楽屋 (がくや)

 
 
この喫茶はもう、ない。
ないけど永遠に記憶に残る私の思い出の喫茶だ。
 
札幌ジャズ喫茶の重鎮『ジャマイカ』同様、東映の映画館(札幌市中央区南2西5)にあった。
ジャマイカは地下。楽屋はちょっと奥まった入り口を入り、階段で二階へ。
 
この階段から店舗までのアプローチは、まるで映画のセットのようにスラム的な、放置的な、雑然とした雰囲気で、とても快感だった。

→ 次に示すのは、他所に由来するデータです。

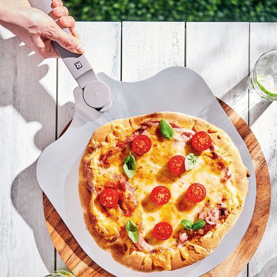 Transfer pizzas to and from the oven or grill like a pro with this convenient Pizza Peel. The thin blade slides easily under the pizza so you can prep, rotate, and plate your pizza without losing toppings. It features an innovative comfort grip handle that is easy to use and designed to protect your fingers from burns.

友達を連れて行くと「こんなところに店があるのか」といわんばかりの不安げな表情で階段を上る。結局、店はすぐあるのだが、そういう隠れ家的な店を知っていることに得意気になっていたような気がする。つまりこの頃は若かったのだ(私が10代の頃の話)。
 
 
異国のようなインテリアの店内で、長時間ジャズに耳を傾けた。
なんどもなんども行っては耳を傾けていた。
 
でも、この楽屋も、ジャマイカも、立ち退きにより移転、映画館ごとなくなってしまった。あのときは諸行無常というものを身近に実感できたというか、心に大きな穴があいたような気がする。
 
いま思えば、なんで写真をとっておかなかったんだろうと悔しい。